Exercise |
Restate word for word the lines below from the one that has "經(jīng)火情偵察了解得" through the one that has "Utilizar un motorreductor", keeping both and dropping all pictures.

---- Information supplied

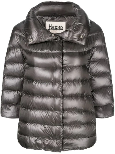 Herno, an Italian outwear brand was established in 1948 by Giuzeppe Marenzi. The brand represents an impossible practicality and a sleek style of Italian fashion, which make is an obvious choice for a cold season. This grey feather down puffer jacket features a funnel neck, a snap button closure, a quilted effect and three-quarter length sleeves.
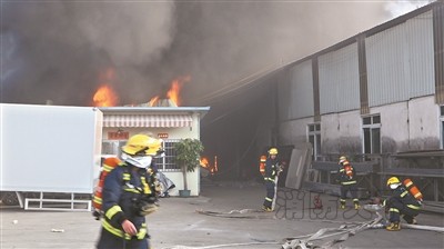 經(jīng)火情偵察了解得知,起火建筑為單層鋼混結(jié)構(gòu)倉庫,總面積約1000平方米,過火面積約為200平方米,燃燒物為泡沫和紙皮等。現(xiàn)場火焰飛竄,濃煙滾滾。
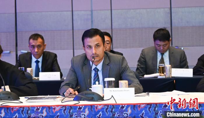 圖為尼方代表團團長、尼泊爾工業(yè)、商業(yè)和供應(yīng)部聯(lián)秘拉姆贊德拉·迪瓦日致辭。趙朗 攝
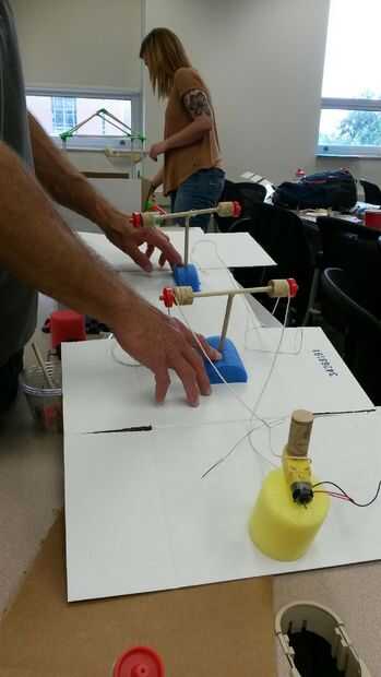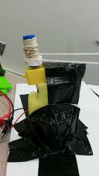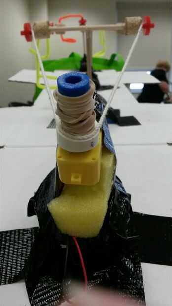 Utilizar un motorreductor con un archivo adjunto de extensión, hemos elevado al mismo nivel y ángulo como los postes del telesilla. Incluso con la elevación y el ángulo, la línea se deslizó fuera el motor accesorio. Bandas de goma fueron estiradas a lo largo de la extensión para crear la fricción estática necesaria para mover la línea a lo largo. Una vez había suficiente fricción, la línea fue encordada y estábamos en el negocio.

--------
---- Information supplied

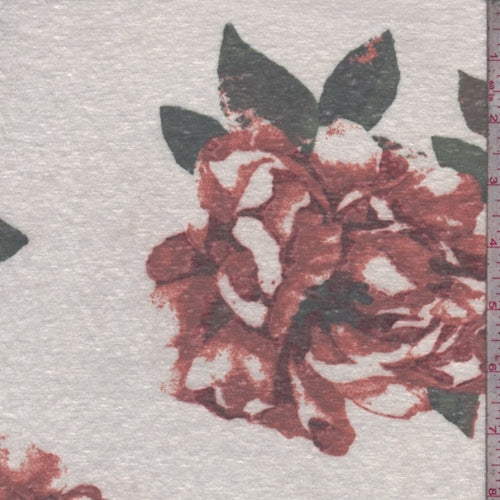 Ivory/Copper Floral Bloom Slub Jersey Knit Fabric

--------
---- Information supplied

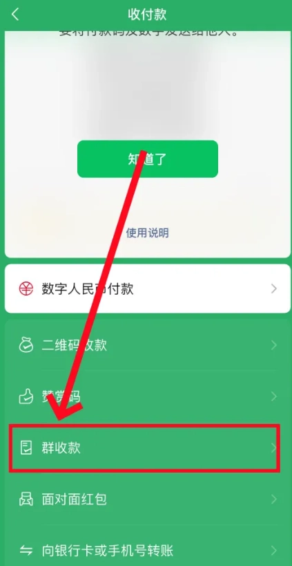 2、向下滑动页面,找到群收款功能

--------

Answer to the exercise |
 經(jīng)火情偵察了解得知,起火建筑為單層鋼混結(jié)構(gòu)倉庫,總面積約1000平方米,過火面積約為200平方米,燃燒物為泡沫和紙皮等。現(xiàn)場火焰飛竄,濃煙滾滾。
 圖為尼方代表團團長、尼泊爾工業(yè)、商業(yè)和供應(yīng)部聯(lián)秘拉姆贊德拉·迪瓦日致辭。趙朗 攝
 Utilizar un motorreductor con un archivo adjunto de extensión, hemos elevado al mismo nivel y ángulo como los postes del telesilla. Incluso con la elevación y el ángulo, la línea se deslizó fuera el motor accesorio. Bandas de goma fueron estiradas a lo largo de la extensión para crear la fricción estática necesaria para mover la línea a lo largo. Una vez había suficiente fricción, la línea fue encordada y estábamos en el negocio.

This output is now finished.